Mittwoch, 27. Mai 2009

Darauf hat die Welt gewartet

"Michael Moore dreht Film über Wirtschaftskrise", schreibt Tagi online. Die Verursacher der Krise sind nach Moore denn auch schnell markiert: die unersättlichen und bösen Reichen.

Es sei an dieser Stelle ausdrücklich auf den phänomenalen Text der Redaktion Bahamas über "Bowling für Hussein.
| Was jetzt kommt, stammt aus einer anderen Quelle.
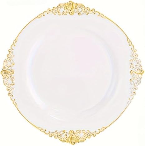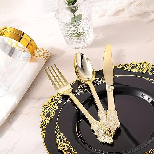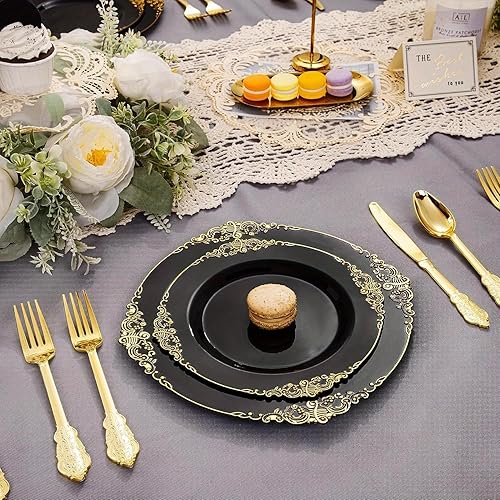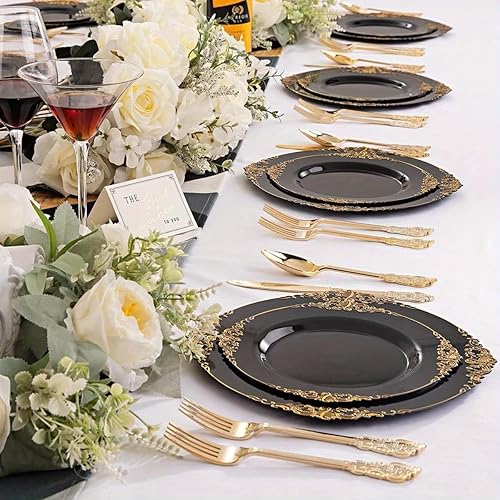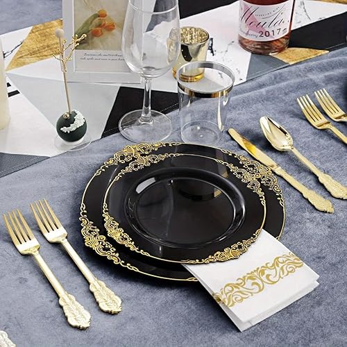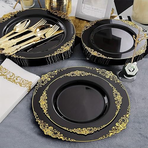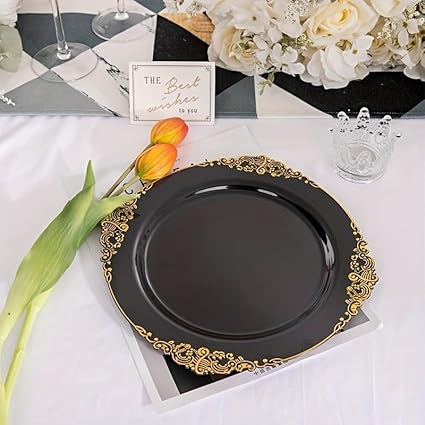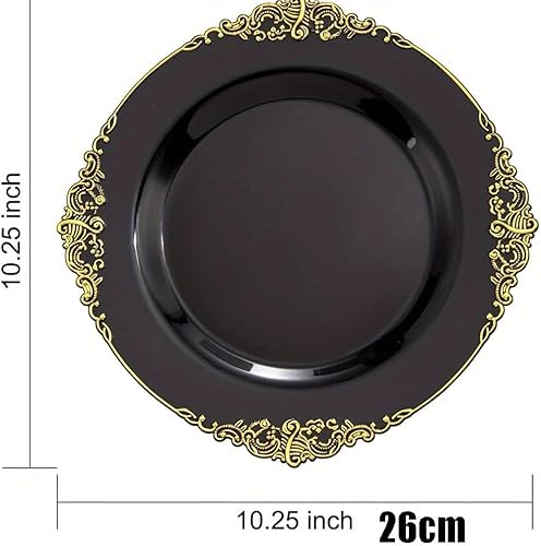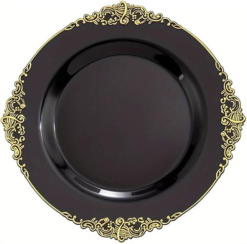 Lot de 25 assiettes à salade rondes en plastique blanc noir rose baroque 19 cm ou assiettes en plastique réutilisables avec feuille gaufrée et bord doré (noir, 26 cm)
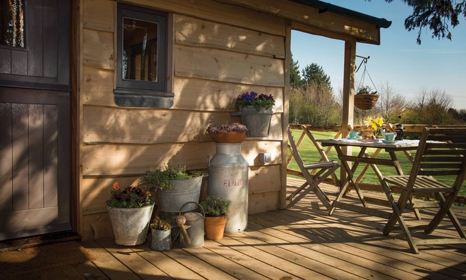 Cedarwood is inclusive of linen and towels, electricity and heating, open wifi, logs for the little wood burner, free-range eggs from our hens and ducks, and a Smart TV with Netflix. Outside is a fire pit and an ample supply of logs if you wish to enjoy the peace and quiet of a night sky with no light pollution. You also get total privacy, rural views, a large L shaped deck, a private car park, and your own garden and little wood all to yourselves…

Amerika in der Wahnwelt des Michael Moore – und nicht nur in seiner" erinnert, der die 'Kritik' genannten Ressentiments eines Antiamerikaners wie Michael Moore ideologiekritisch zerpflückt, dass es eine wahre Freude ist. So schreibt die Bahamas etwa:

"Der mit diesen Weihen versehene Siegeszug von Bowling war der kulturindustrielle Abdruck eines globalen Aufstands der Konformisten gegen die vermeintliche Autorität: Kritisch ist, was gegen Bush ist – egal, ob es vom Papst, den Staatskirchen, Chirac, dem chinesischen ZK oder der malayiischen Islamistendiktatur als Gastgeber der „Blockfreien“ widerhallt. Genau damit brüstet Moore sich selber, wenn er trompetet, daß Bush „den Popularitätswettbewerb mit Saddam Hussein verloren“ hat, wenn er damit reüssiert, daß schließlich auch der „Papst gesagt hat, dieser Krieg ist falsch, daß er eine Sünde ist“ – als ob derlei nicht weniger gegen Bush, sondern vielmehr gegen die Weltöffentlichkeit und den Papst sowieso spräche. Der eigene Rückhalt in der Dummheit des Kollektivs wird als Argument und nicht als Anlaß zur Selbstkritik angeführt."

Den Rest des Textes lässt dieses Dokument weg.